Radical changes called for to boost 'intergenerational fairness' and to extend workplace pension provision for all younger people

The House of Lords committee on intergenerational fairness has delivered a series of recommendations, calling for policies to support younger people in the employment and housing markets.

This report also called for better in-work training and education, to help younger generations prepare and finance a 100-year lifespan.

One recommendation to boost pension provision for the young is to have their default employment status as ‘worker’. This would see them automatically enrolled into a company pension. Many of those working in the gig economy or on short term contract do not benefit from this at present.

Chair of the committee Lord True says that intergenerational bonds “remained strong”, however he warned there is a risk that these could be weakened “if the government does not get a grip on key issues such as access to housing, secure employment, and fairness in tax and benefits”. 

Pensions remain a key issues in this intergenerational divide. This report recommends removing the triple lock for the state pension, and uprating this benefit in line with earnings instead. 

It also recommends introducing means-testing, so better-off workers over the state pension age pay national insurance contributions while they continue to work. 

Commenting on this report Aegon’s pensions director Steven Cameron says that continuing the triple lock on pensions looks to be “financially unsustainable”. 

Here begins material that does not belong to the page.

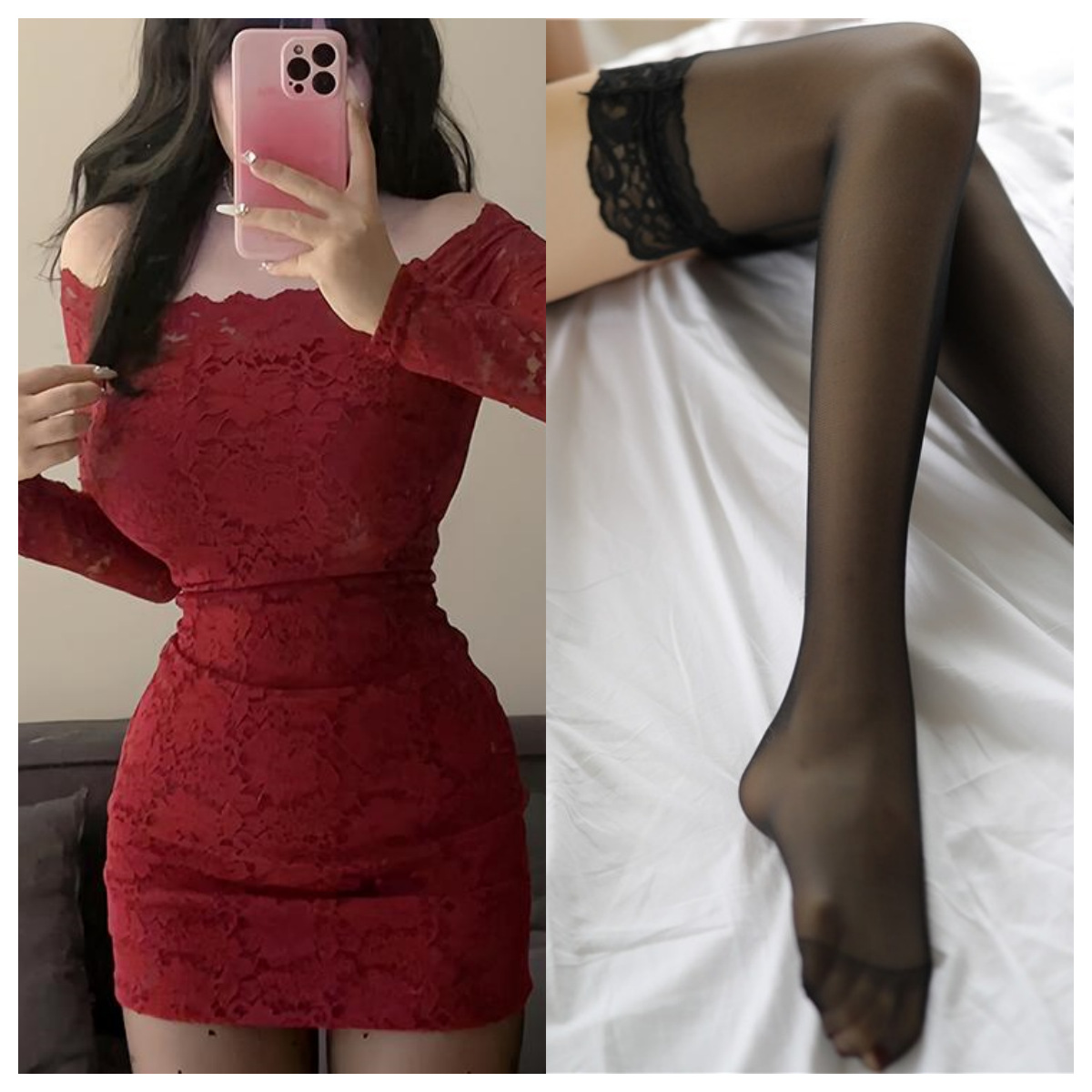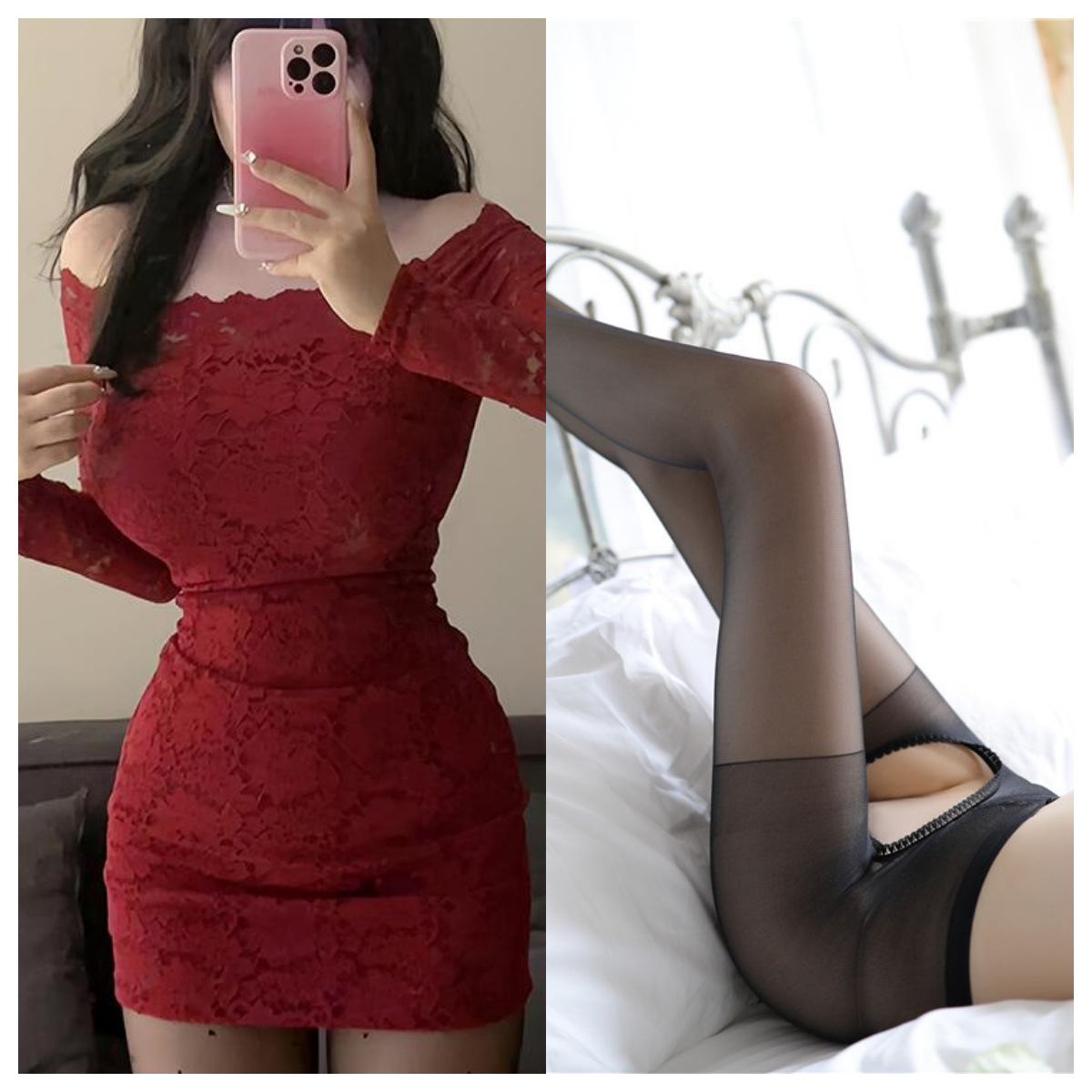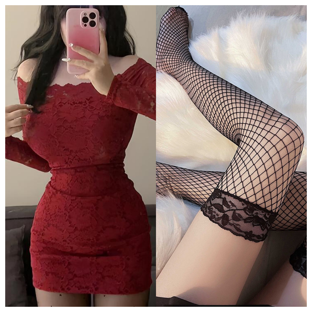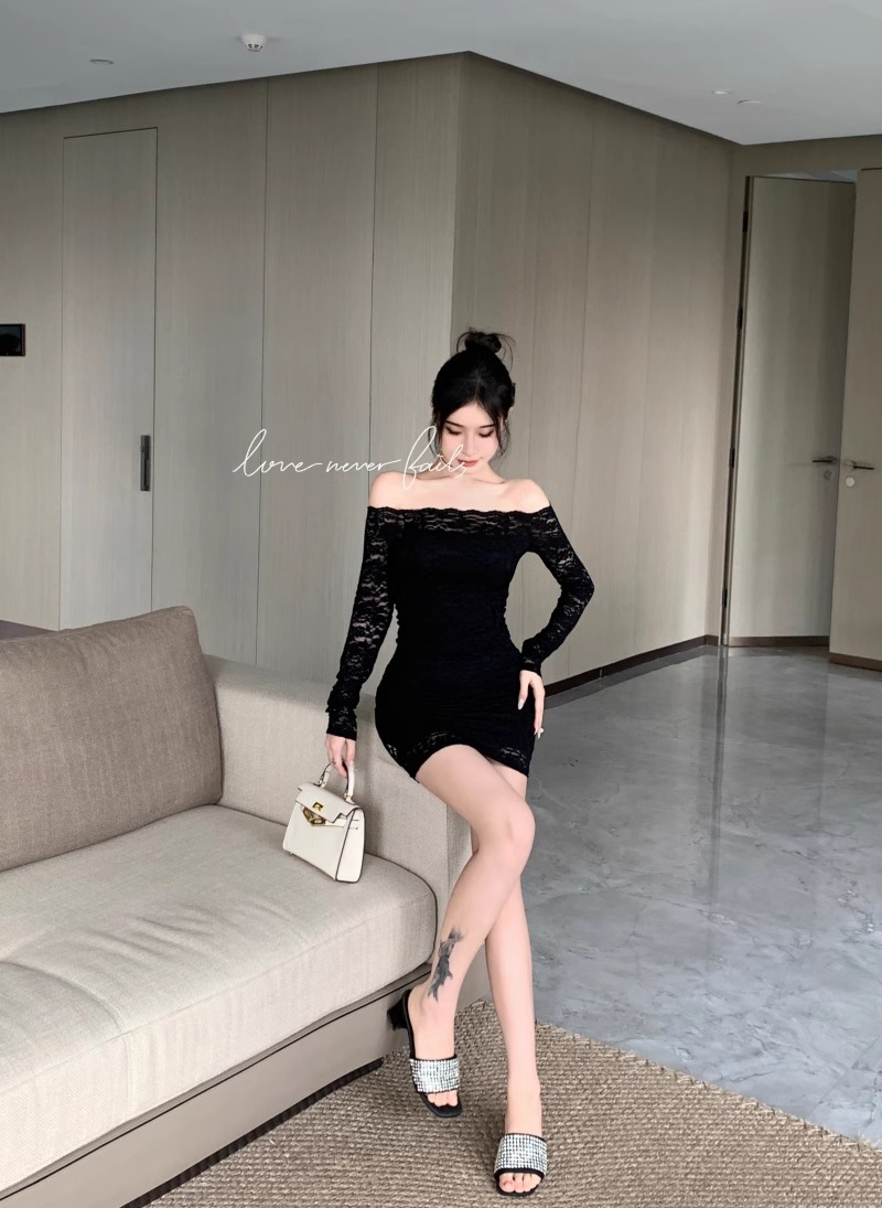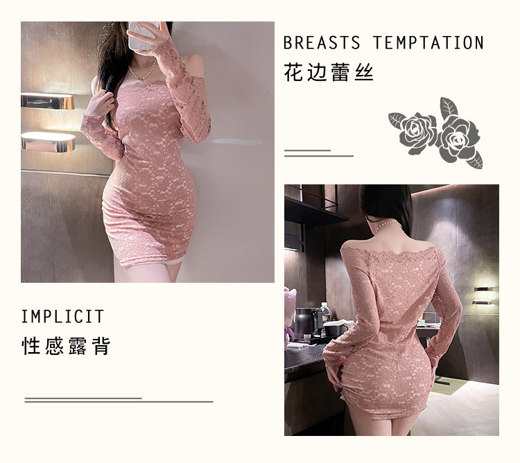 Платье с длинными рукавами, сексуальное кружево, высокое чувство плеча, толстый пакет, юбка с ягодицами.

The average income of a pensioner couple is now £454 a week which means that incomes are now around 70 per cent of non-retired households. 

“This represents a huge change over recent decades and the stereotype of retirement as a time of constant thrift is largely outdated. Pensioner incomes have steadily risen as a result of factors like the provision of defined benefit pensions, increases in the state pension and strong performance of property prices and investments.”

He adds: “Some of the factors that have boosted pensioner incomes in recent years, like defined benefit pension provision, will not last forever as employers increasingly switch to less generous alternatives and any change could have significant consequences in the years to come.”

Cameron adds that focusing on younger people’s employment status is important.  “For younger people, considering their default employment status as ‘worker’ is a helpful protection and should come with employee benefits such as auto enrolment into a pension.

“As the age profile and distribution of wealth of our population continues to change, it’s critical that all government policies are considered through a lens of intergenerational fairness.”